Assignment>
Retype, exactly and completely, the listing that comes next, skipping its images.

Exercise materials>
★ ★ ★ ★ ★

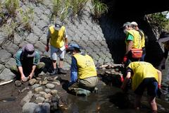 活動内容として、石組み水制工による生き物のすみか作りや、現在も実施している、活動参加者の
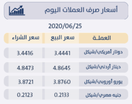 رام الله  25-6-2020 وفا- جاءت أسعار العملات مقابل الشيقل الإسرائيلي، اليوم الخميس، حسب سلطة النقد، على النحو التالي:
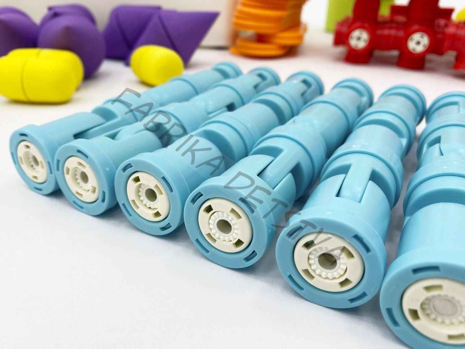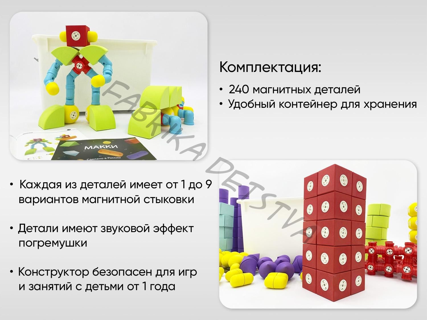 Детали конструктора окрашены в приятные однотонные цвета, со звуковым эффектом погремушки. Каждая из деталей имеет от 1 до 9 вариантов магнитной стыковки, что практически не ограничивает ребенка в конструировании. Простые детали отлично подходят для детей младшей группы ДОУ, детей с ОВЗ и РАС. Более сложные по форме и креплениям детали предназначены для детей средней и старшей группы.
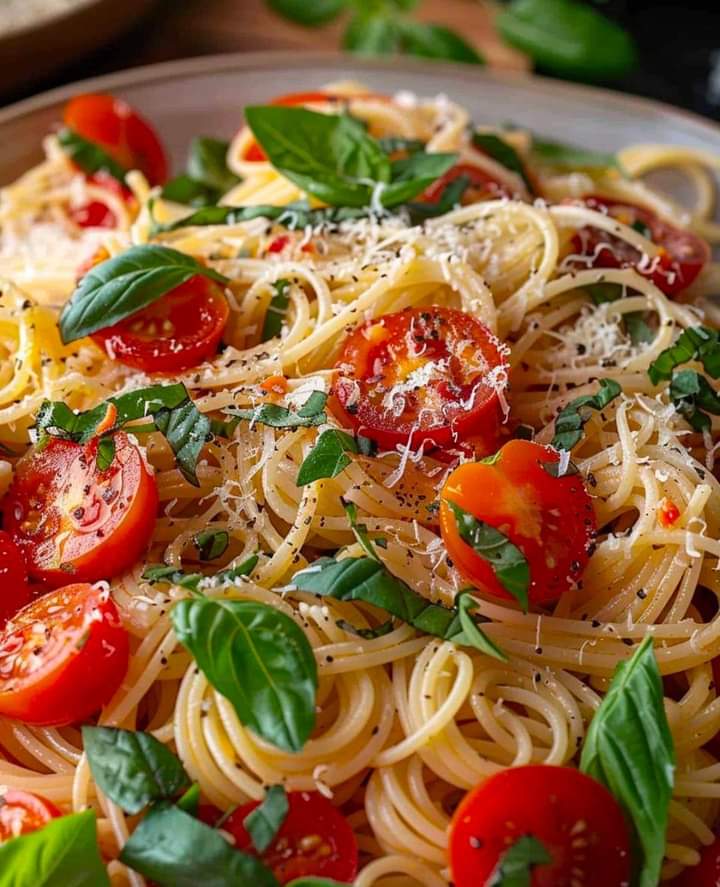 This pasta salad combines the freshness of cherry tomatoes and basil with the bite of red pepper flakes and the richness of Parmesan cheese, creating a vibrant and flavorful dish perfect for any occasion.
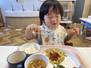 給食のお誕生日メニューは、ハンバーグと炒り卵の花びらで、大きなひまわりができていました!

★ ★ ★ ★ ★

Answer to the problem>
 活動内容として、石組み水制工による生き物のすみか作りや、現在も実施している、活動参加者の
 رام الله  25-6-2020 وفا- جاءت أسعار العملات مقابل الشيقل الإسرائيلي، اليوم الخميس، حسب سلطة النقد، على النحو التالي:
 Детали конструктора окрашены в приятные однотонные цвета, со звуковым эффектом погремушки. Каждая из деталей имеет от 1 до 9 вариантов магнитной стыковки, что практически не ограничивает ребенка в конструировании. Простые детали отлично подходят для детей младшей группы ДОУ, детей с ОВЗ и РАС. Более сложные по форме и креплениям детали предназначены для детей средней и старшей группы.
 This pasta salad combines the freshness of cherry tomatoes and basil with the bite of red pepper flakes and the richness of Parmesan cheese, creating a vibrant and flavorful dish perfect for any occasion.
 給食のお誕生日メニューは、ハンバーグと炒り卵の花びらで、大きなひまわりができていました!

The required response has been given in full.